UPDATE: Spotify removes over 100 old Joe Rogan Experience episodes

Streaming service Spotify has now removed 113 episodes of the highly popular Joe Rogan Experience from its platform. It follows an apology from Joe Rogan, for using racial slurs on his podcasts and comes just 2 weeks after another controversy regarding criticism of apparently misleading Covid-19 guests and conversations.

The Instagram apology isn’t directly related to the mounting criticism over some of his program’s misleading claims about Covid 19 and various treatments.

In the latest fracas, Joe Rogan apologised for using the ‘N-word’ on his show in past episodes. He specifically addressed a clip shared by singer India Arie that edits Rogan using the N-word repeatedly during podcast episodes.

The comedian, MC and commentator has come to greater public scrutiny in recent weeks after a boycott by veteran artists like Neil Young and Joni Mitchell, for spreading Covid-19 misinformation.

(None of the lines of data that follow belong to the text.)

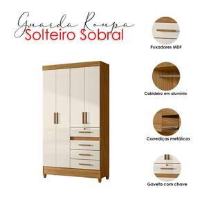 Guarda Roupa Solteiro Ambiente Sobral 4 Portas Freijó Off White - Moval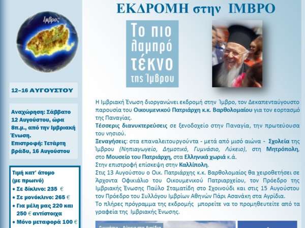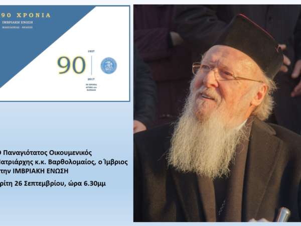 Ο Οικουμενικός Πατριάρχης στην Ιμβριακή Ένωση Την Τρίτη 26 Σεπτεμβρίου ο Παναγιότατος Οικουμενικός Πατριάρχης κ.κ. Βαρθολομαίος θα βρίσκεται στην Ιμβριακή Ένωση για τον εορτασμό των 90 χρόνων από την ίδρυση της Ενώσεως. Η είσοδος στο Πνευματικό Κέντρο της Ι.Ε.Μ.Θ. θα γίνεται με προσωπική πρόσκληση, την οποία μπορείτε να παραλαμβάνεται από τη γραμματεία της Ένωσης από τη Δευτέρα 18 Σεπτεμβρίου 5-9μμ. και κάθε μέρα μέχρι την Παρασκευή 22 Σεπτεμβρίου. Το πρωί της 26ης Σεπτεμβρίου ο Παναγιότατος θα επισκεφθεί τη Μονή Βλατάδων για τον εορτασμό των 50 χρόνων από την ίδρυση του ιδρύματος Πατερικών Μελετών, την Εταιρεία Μελέτης Ίμβρου και Τενέδου για τα 30χρονα της, και στις 5.30μμ θα βρίσκεται στη Ρωμαική Αγορά για τα εγκαίνια της έκθεσης του φωτογράφου του Πατριαρχείου Νικολάου Μαγγίνα. Για περισσότερες πληροφορίες…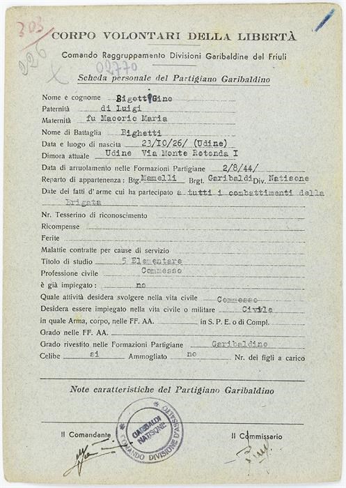 ANPI - Comitato provinciale di Udine - Fondo Schede Anagrafiche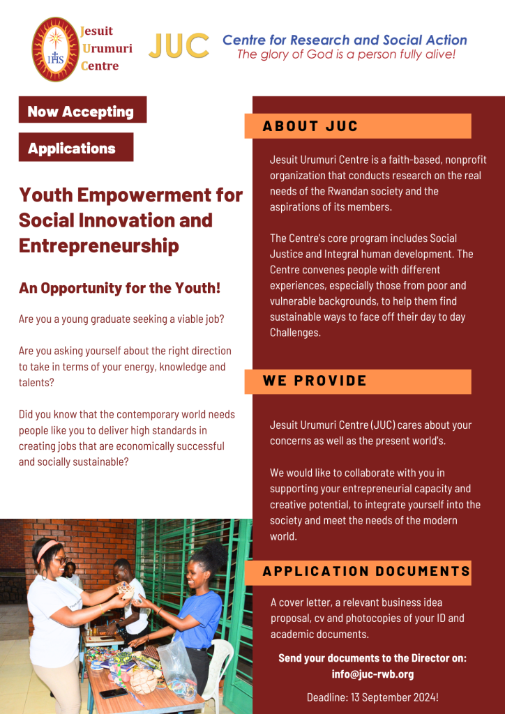 Jesuit Urumuri Centre is pleased to invite young men and women who have completed secondary education or tertiary education, for training on Entrepreneurship and Social Innovation.

The total of episodes taken down comes from a website that tracks episodes of the Joe Rogan Experience that have been removed from Spotify.

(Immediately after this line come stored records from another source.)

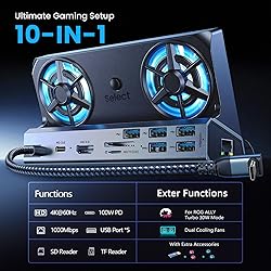 10-in-1 Handheld Console Dock:Transforms your Steam Deck OLED/ASUS ROG ALLY/ Legion Go's USB Type-C into 10 ports: 4K@60Hz, Gigabit Ethernet (1000Mbps),3 USB3.0 (5Gbps), 3 USB2.0, USB Type C PD 3.0 (100W),VGA,DP1.2 port,this docking station will meet your all need when you playing games. Dual Cooling RGB Fans: Good heat dissipation not only extends the battery life of the steam deck, but also prevents other problems caused by overheat,increase the speed of cooling air entering steam deck so that heat dissipates faster.Say goodbye to the woes of system crashes or lost frames, and embrace a consistently smooth gaming experience. 4K@60Hz Output: This Gamer Docking station comes with a 4K@60Hz ,When you connect an external 4K monitor, it can provide you sharper and smoother visual experience, so you can enjoy the visual feast on your games. to achieve higher resolutions, simply navigate to game settings > properties > general > game resolution. however, please ensure that both the hdmi ports and cables used are hdmi 2.0 or above. PD3.0 100W USB C Charging: supports 100w max power delivery, which is sufficient to charge your steam deck at full speed when paired with the original charger,Note: max 45W charging speed for the Steam Deck,while ROG Ally reaches 65W.Upgrade your Rog Ally BIOS to version 323 and experience seamless compatibility with the 30W Turbo Mode of your ROG Ally. Unleash the full potential of your gaming device. Stable Gigabit Ethernet & Fast Data Transmission:supports 10/100/1000BASE-T Lan networks,which could elevate your gaming to the next level with blazing-fast gigabit Ethernet, delivery unparalleled download and upload speeds for seamless online multiplayer and reduce the lag of playing games. Also,3 x USB 3. 0 ports(speed up to 5Gbp),3 x USB 2.0 ports allows you transfer files and big huge games in seconds, connect to the gamepad, mouse and keyboard without any lags.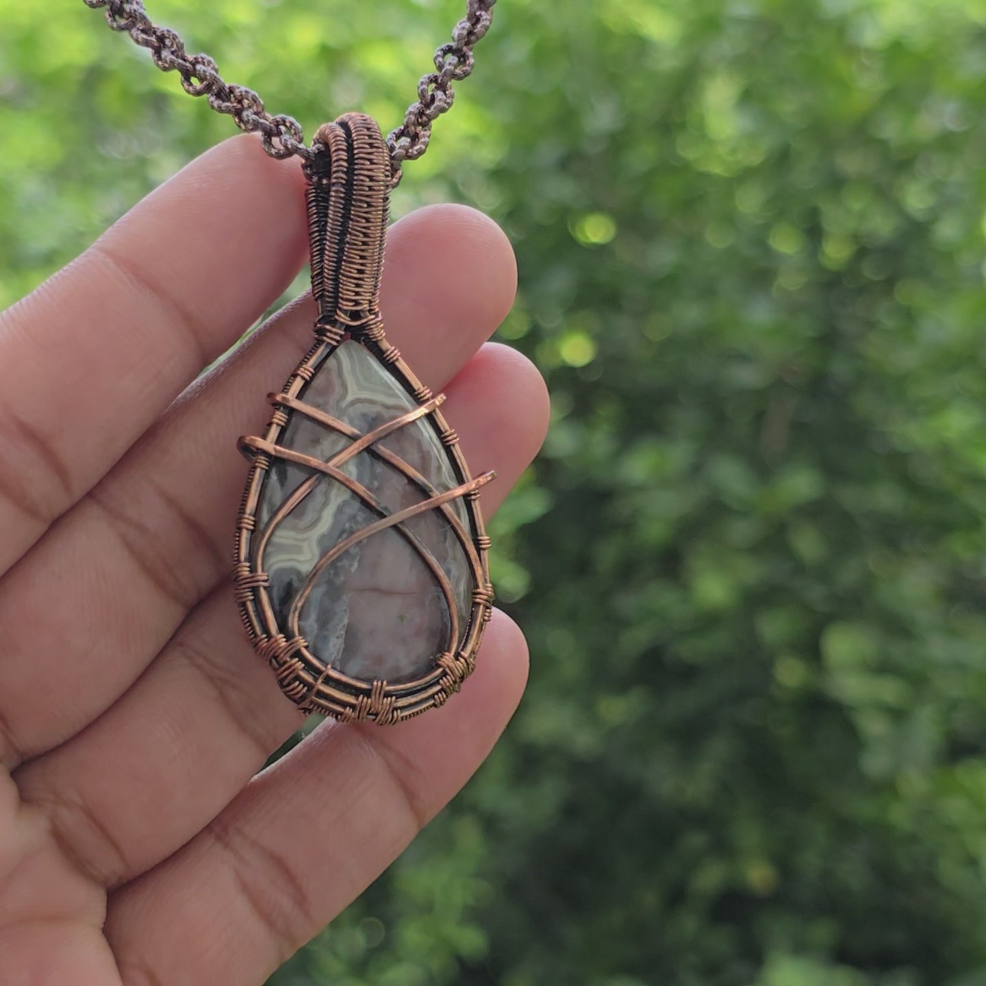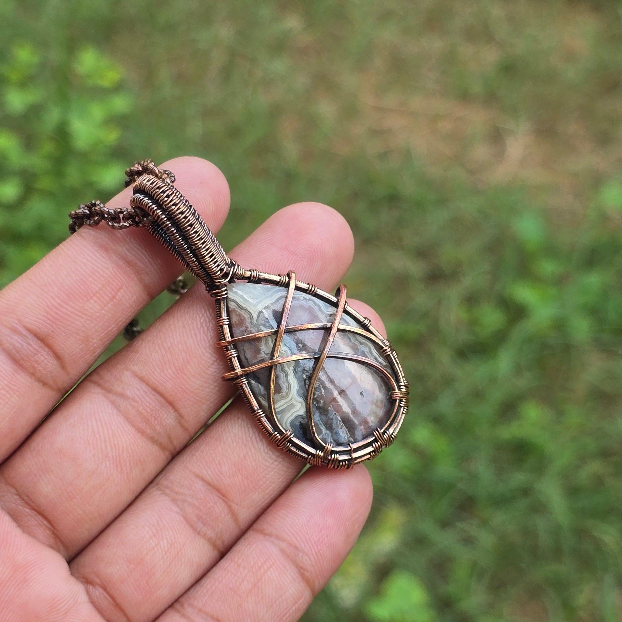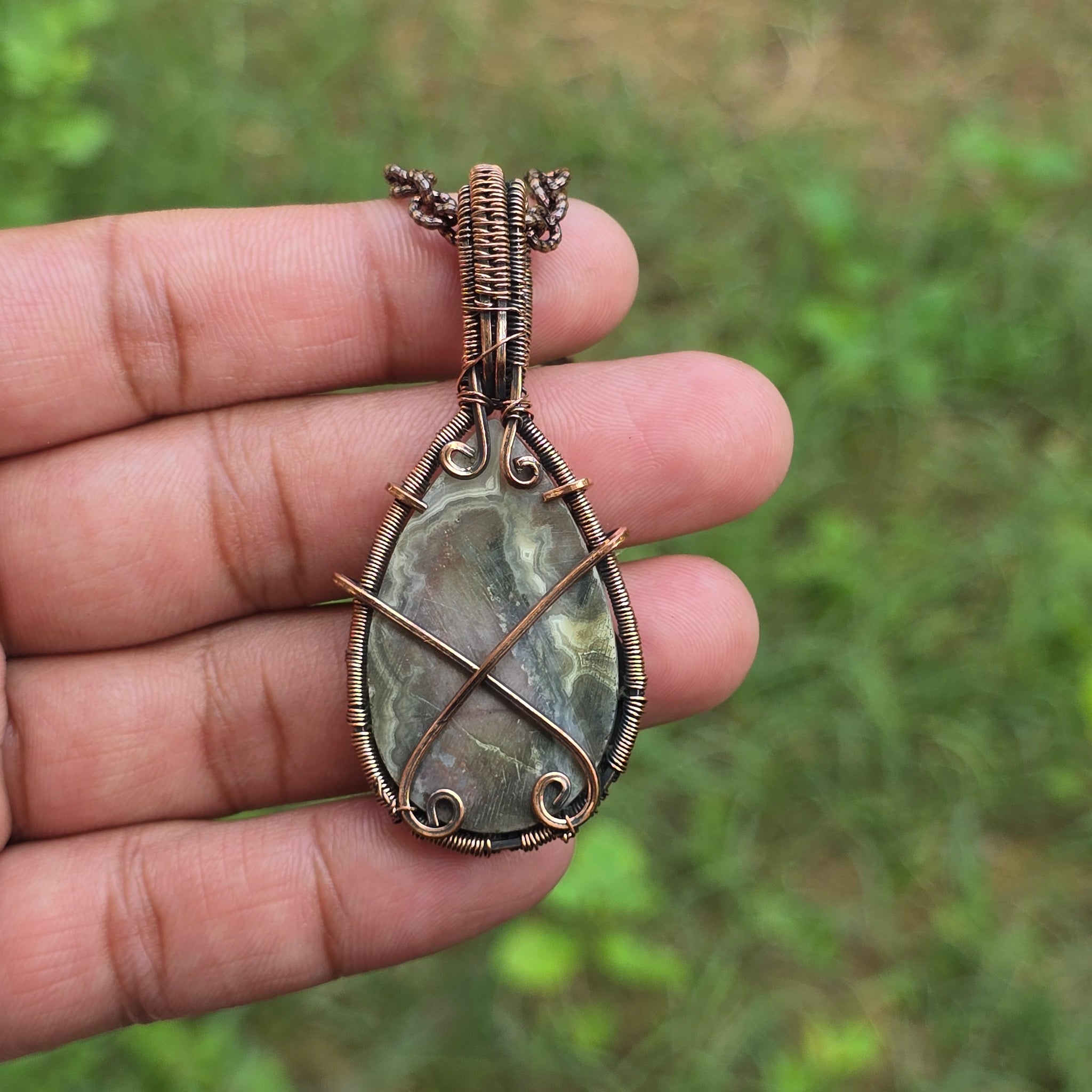 Laguna Lace Agate Gemstone Handmade Copper Wire Wrap Chain Pendant 2.55"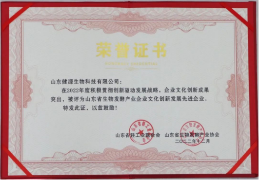 山東省生物發酵產業企業文化創新發展先進企業

All but one of the episodes were recorded before the covid pandemic kicked off, although the most controversy over his podcasts has been liked to spurious claims by people in the medical and health profession that have been deemed as dangerous or misinformation.

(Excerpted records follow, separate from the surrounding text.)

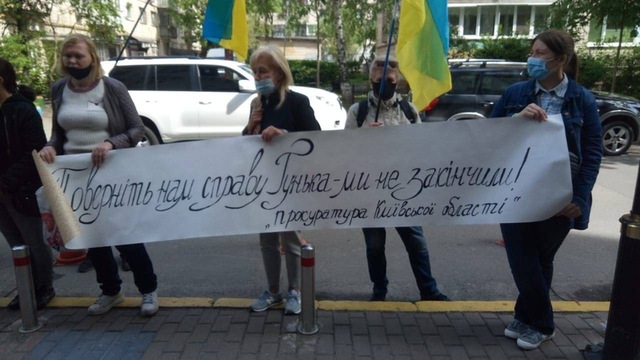 На плакатах присутніх були слогани «Прокуратура: Поверніть нам справу Гунька - ми не закінчили», «Поверніть нам землі» та інші. Учасники мітингу передали звернення на ім’я генпрокурора України Ірини Венедіктової з вимогою, аби представники відомства звернула увагу на стан ведення кримінальних справ, пов’язаних з розкраданням земель ДП «Радіопередавальний центр» на Київщині.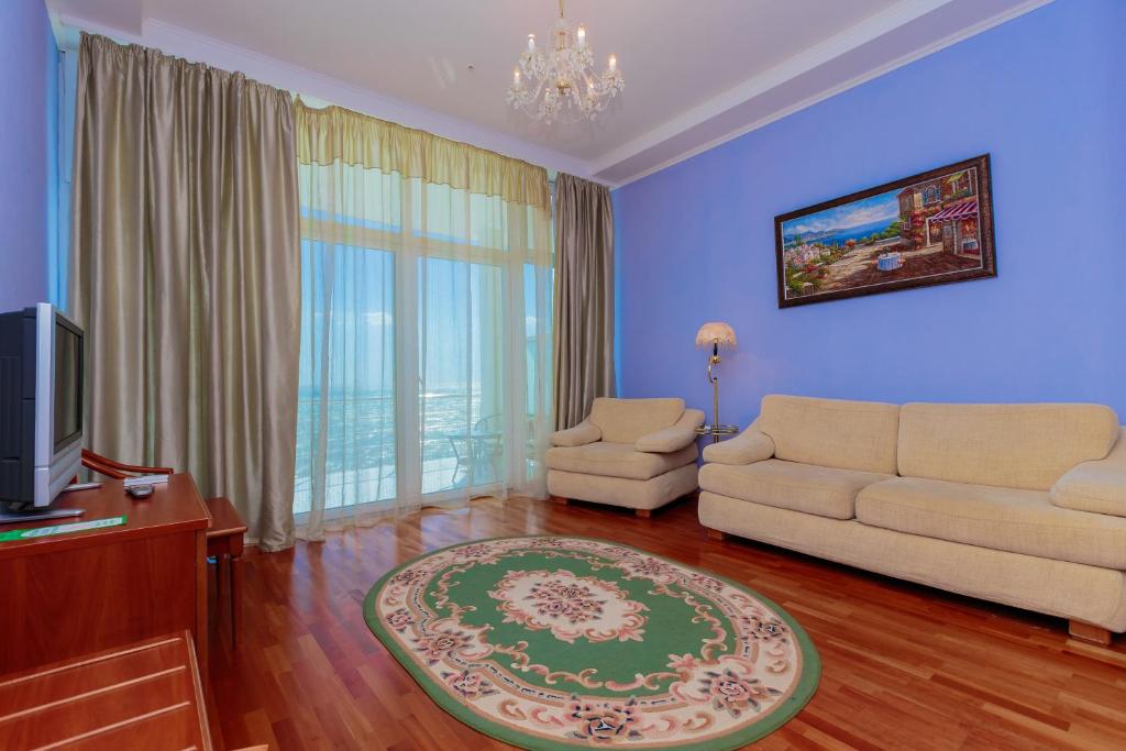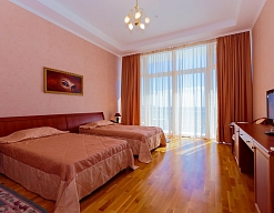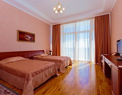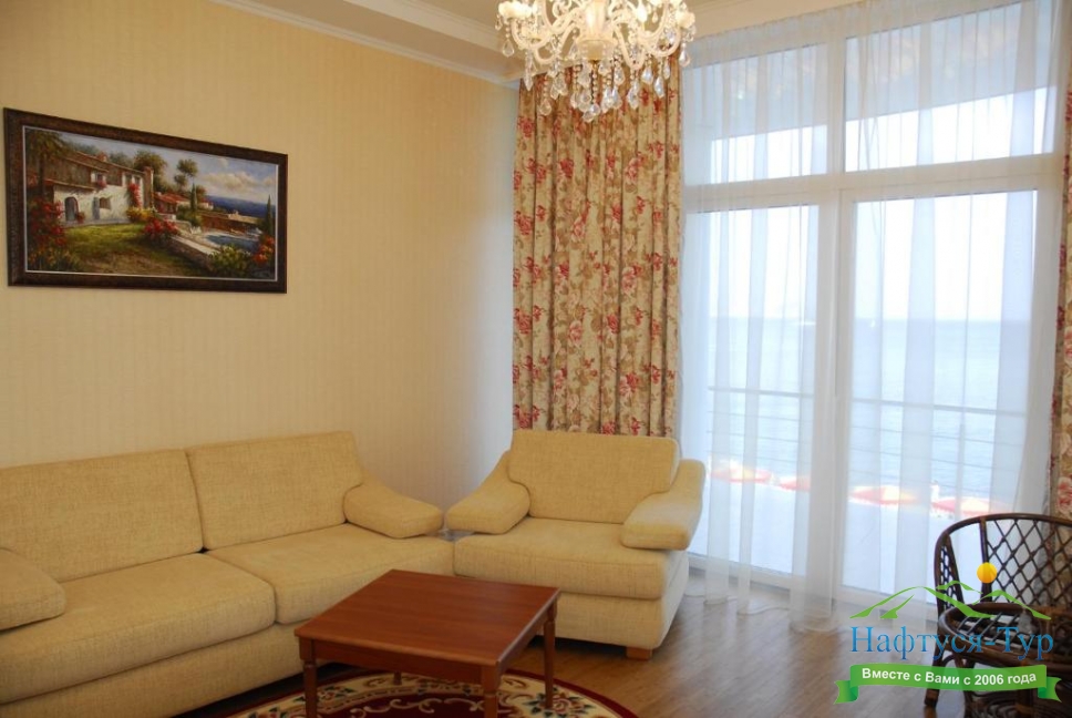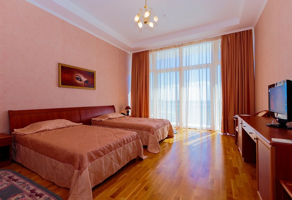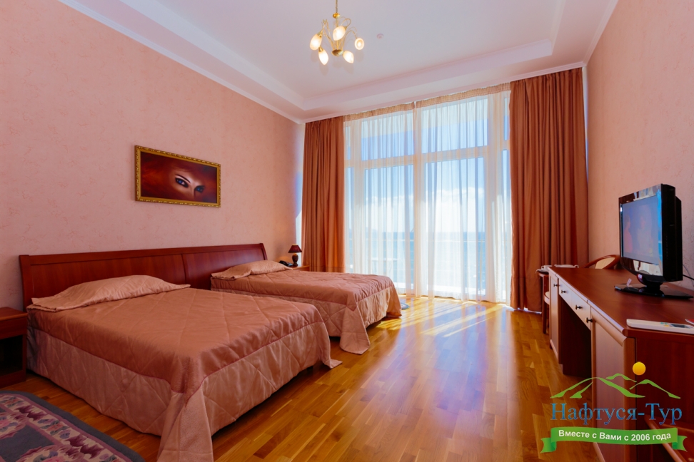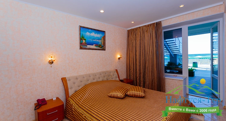 Были с мужем в этом отеле в середине августа. Удобно, что отель находить вдалеке от набережной. поэтому музыка из ресторанов не слышна. Жили в номере на 3-м этаже с прямым видом на море.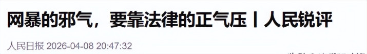 4月8日,东谈主民日报客户端重磅发声,针对全红婵被网暴一事,发布了锐评著述,标题是《网暴的邪气,要靠法律的浩气压》。

Spotify have not made any specific comments about the controversial Joe Rogan podcasts but appear to have taken definitive action to clean up their platform under the mounting criticism.

A week ago Joe Rogan made a clip explaining his side of the swirling controversy.


Firstly it was musician Neil Young, then Joni Mitchell, who said they were taking their music off Spotify in protest to misinformation spread about Covid-19 by the Joe Rogan Experience.

Now they’re being joined by other podcasters and musicians complaining that the popular Rogan podcast is spreading “misleading and inaccurate claims” about vaccines and Covid-19.

Spotify has responded by saying that it’s now adding a content advisory to any podcast episode that includes discussion about Covid-19. The advisory will now direct Spotify listeners to a “Covid-19 hub” that will include links to trusted sources, according to the company. But they’ve been silent about their podcast star and his weekly podcast.

Joe Rogan made a video on Instagram today on his thoughts on the controversy with Spotify. He says the podcast has been accused of spreading dangerous information, specifically about two episodes – one with cardiologist Dr. Peter McCullough and the other with virologist Dr. Robert Malone. Rogan backed up both of the doctors’ credentials and said he wanted to hear opinions that are different from the mainstream narrative. You can check out the video HERE.

Spotify says they are also going to publicly post their long-standing Platform Rules, hitherto unpublished, in hopes it will clarify for all content producers guidelines for future material.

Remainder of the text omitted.